## AIM OF THE EXERCISE
Whenever a line in the records below holds the string "frelon", copy it out.

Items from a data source
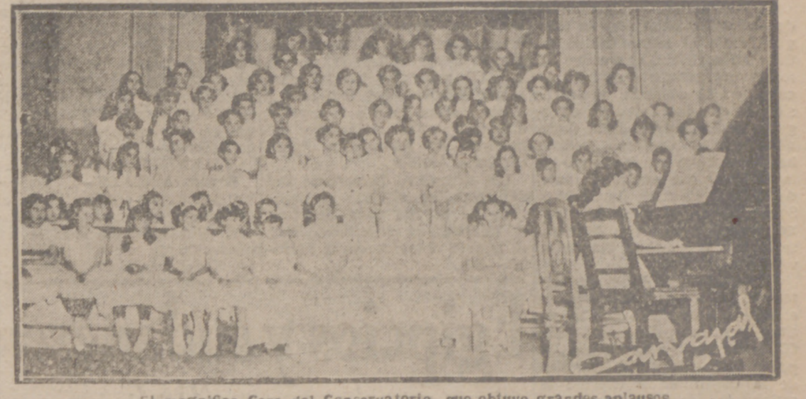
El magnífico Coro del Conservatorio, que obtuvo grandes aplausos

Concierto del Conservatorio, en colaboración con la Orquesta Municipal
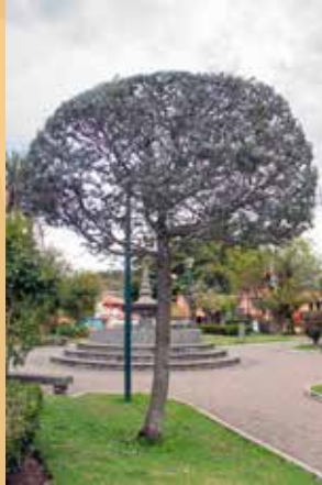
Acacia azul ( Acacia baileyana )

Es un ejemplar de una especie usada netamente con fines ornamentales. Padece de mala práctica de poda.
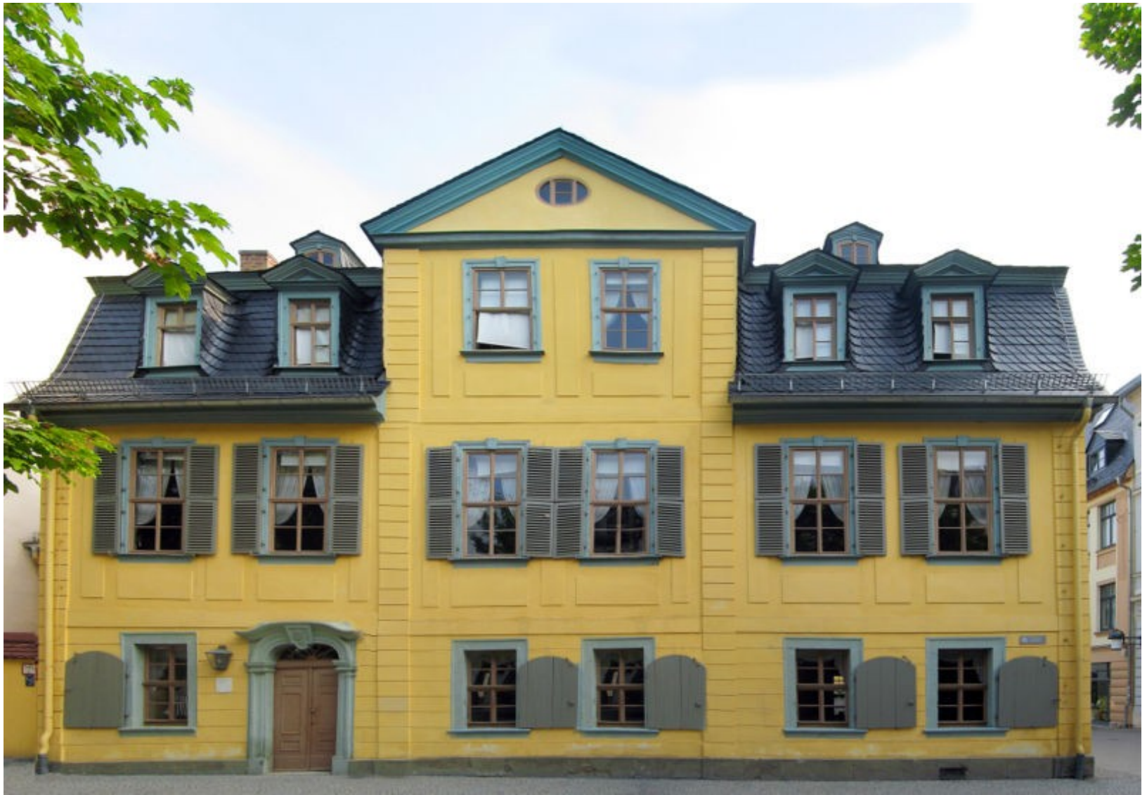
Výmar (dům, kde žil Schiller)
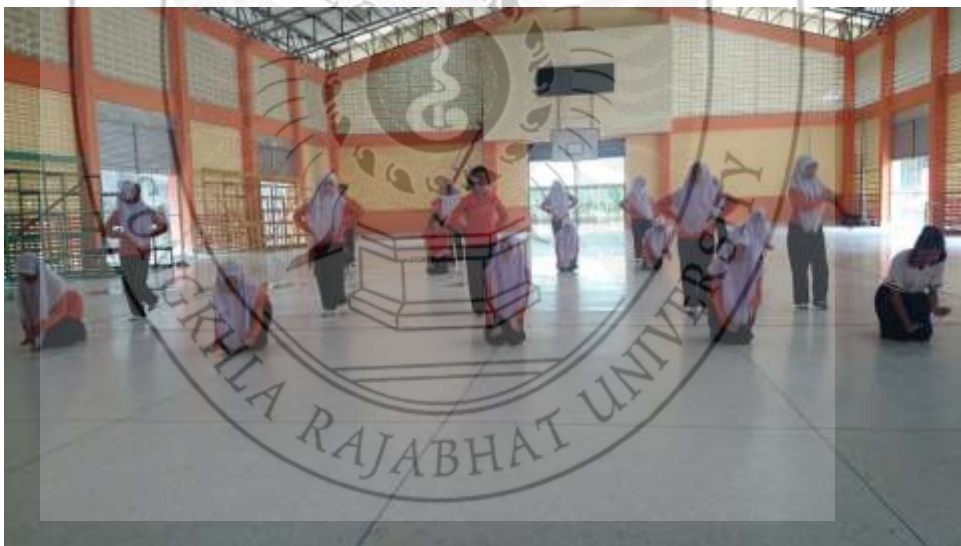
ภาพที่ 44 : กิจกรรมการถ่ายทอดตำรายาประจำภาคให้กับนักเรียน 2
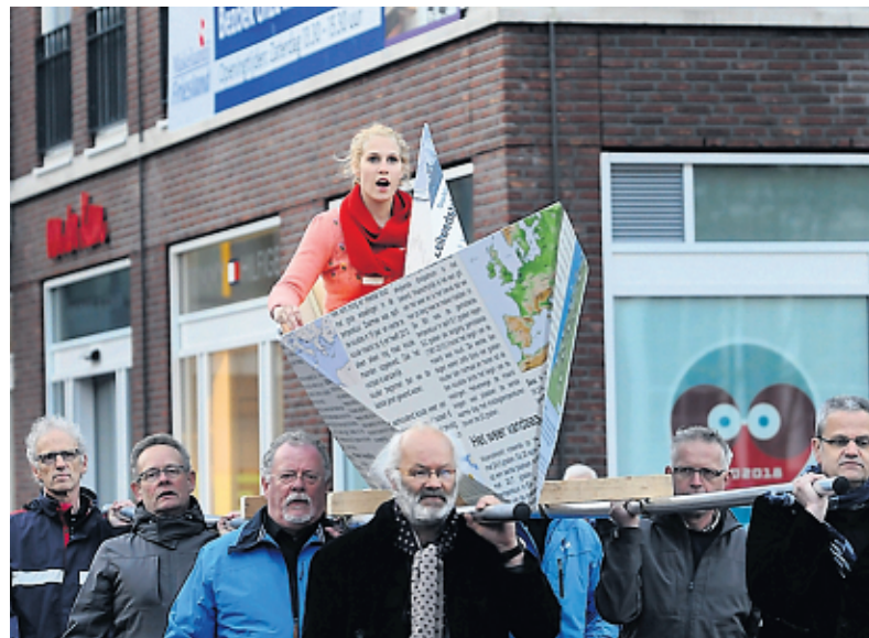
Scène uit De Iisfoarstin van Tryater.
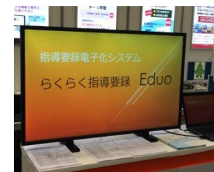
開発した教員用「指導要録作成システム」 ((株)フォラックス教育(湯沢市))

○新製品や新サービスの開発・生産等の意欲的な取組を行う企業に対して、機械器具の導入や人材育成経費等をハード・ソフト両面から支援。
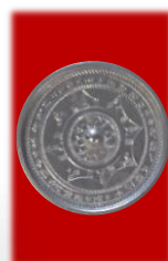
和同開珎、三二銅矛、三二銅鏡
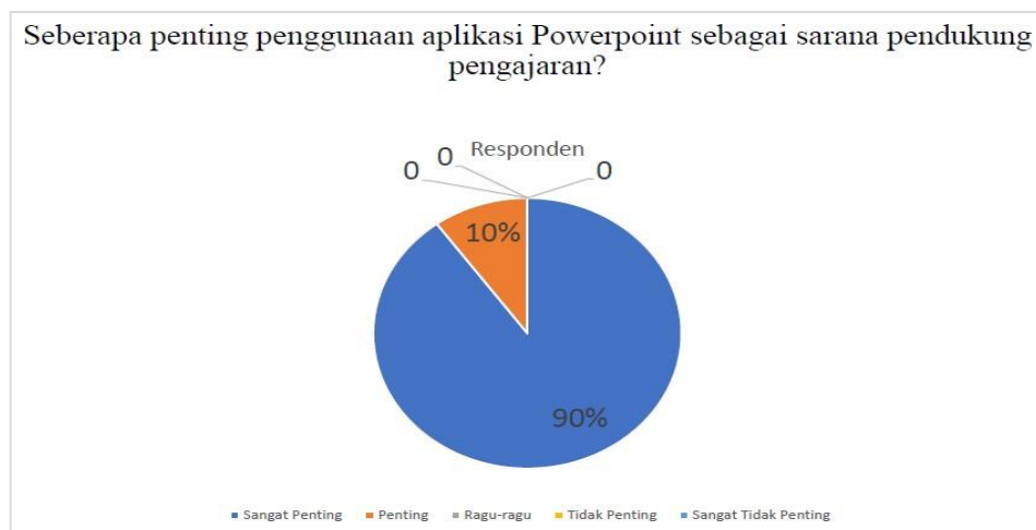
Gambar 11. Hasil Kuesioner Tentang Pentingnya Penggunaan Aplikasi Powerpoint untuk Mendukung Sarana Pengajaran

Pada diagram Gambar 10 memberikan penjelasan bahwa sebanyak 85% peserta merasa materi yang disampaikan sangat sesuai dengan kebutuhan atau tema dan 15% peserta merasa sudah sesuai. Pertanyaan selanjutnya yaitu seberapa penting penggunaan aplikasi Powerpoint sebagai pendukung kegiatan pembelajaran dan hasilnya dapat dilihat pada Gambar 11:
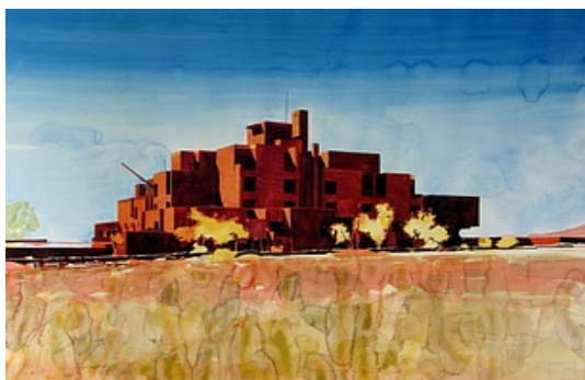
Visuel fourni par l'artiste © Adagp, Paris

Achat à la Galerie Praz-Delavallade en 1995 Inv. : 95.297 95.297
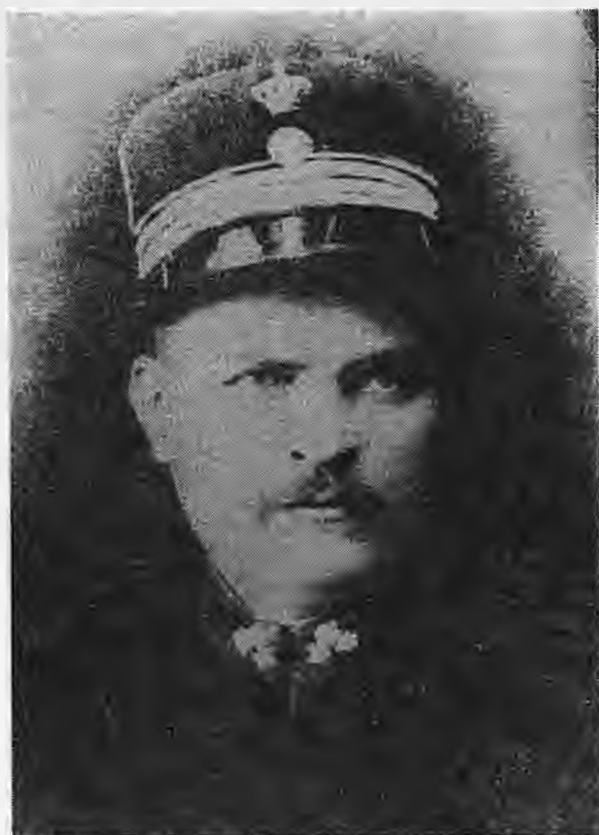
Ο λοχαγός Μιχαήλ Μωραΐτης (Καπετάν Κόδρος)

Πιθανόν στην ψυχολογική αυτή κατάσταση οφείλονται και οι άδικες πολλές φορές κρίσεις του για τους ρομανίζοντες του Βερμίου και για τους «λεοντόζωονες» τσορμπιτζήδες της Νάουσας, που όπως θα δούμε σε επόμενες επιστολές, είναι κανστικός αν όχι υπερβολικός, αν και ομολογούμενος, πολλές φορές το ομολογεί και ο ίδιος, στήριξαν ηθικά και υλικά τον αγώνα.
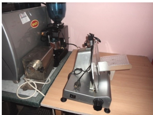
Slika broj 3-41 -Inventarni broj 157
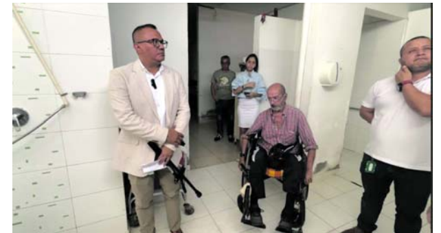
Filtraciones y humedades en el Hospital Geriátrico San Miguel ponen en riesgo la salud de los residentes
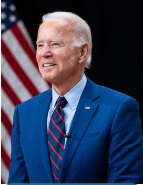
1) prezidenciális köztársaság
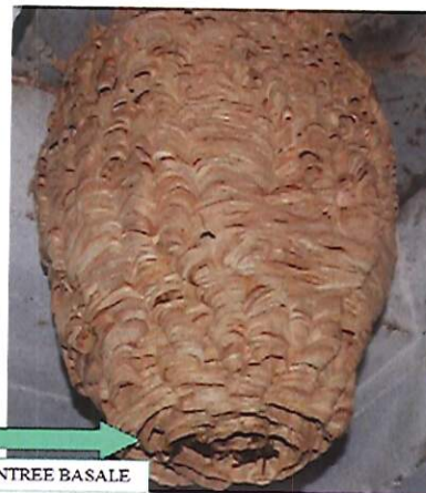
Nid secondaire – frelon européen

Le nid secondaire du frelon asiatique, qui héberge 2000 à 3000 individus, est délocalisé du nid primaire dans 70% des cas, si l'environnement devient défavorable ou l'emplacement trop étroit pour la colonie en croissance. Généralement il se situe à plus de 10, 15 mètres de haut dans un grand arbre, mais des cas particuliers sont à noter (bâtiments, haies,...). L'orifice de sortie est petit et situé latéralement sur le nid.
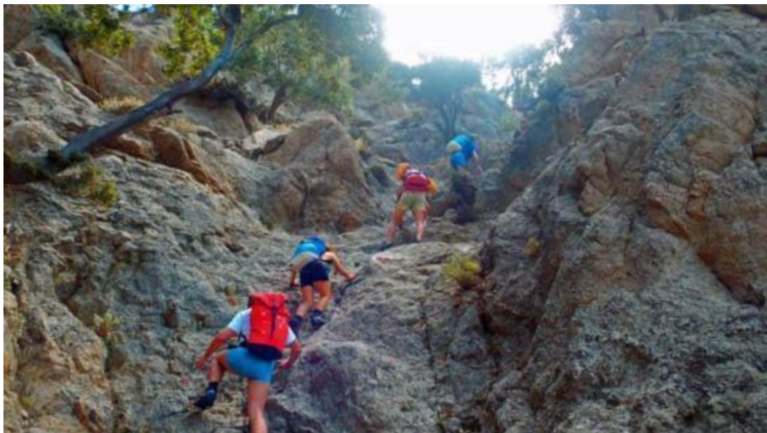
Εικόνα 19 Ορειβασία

## PROBLEM SOLUTION
Nid secondaire – frelon européen
Le nid secondaire du frelon asiatique, qui héberge 2000 à 3000 individus, est délocalisé du nid primaire dans 70% des cas, si l'environnement devient défavorable ou l'emplacement trop étroit pour la colonie en croissance. Généralement il se situe à plus de 10, 15 mètres de haut dans un grand arbre, mais des cas particuliers sont à noter (bâtiments, haies,...). L'orifice de sortie est petit et situé latéralement sur le nid.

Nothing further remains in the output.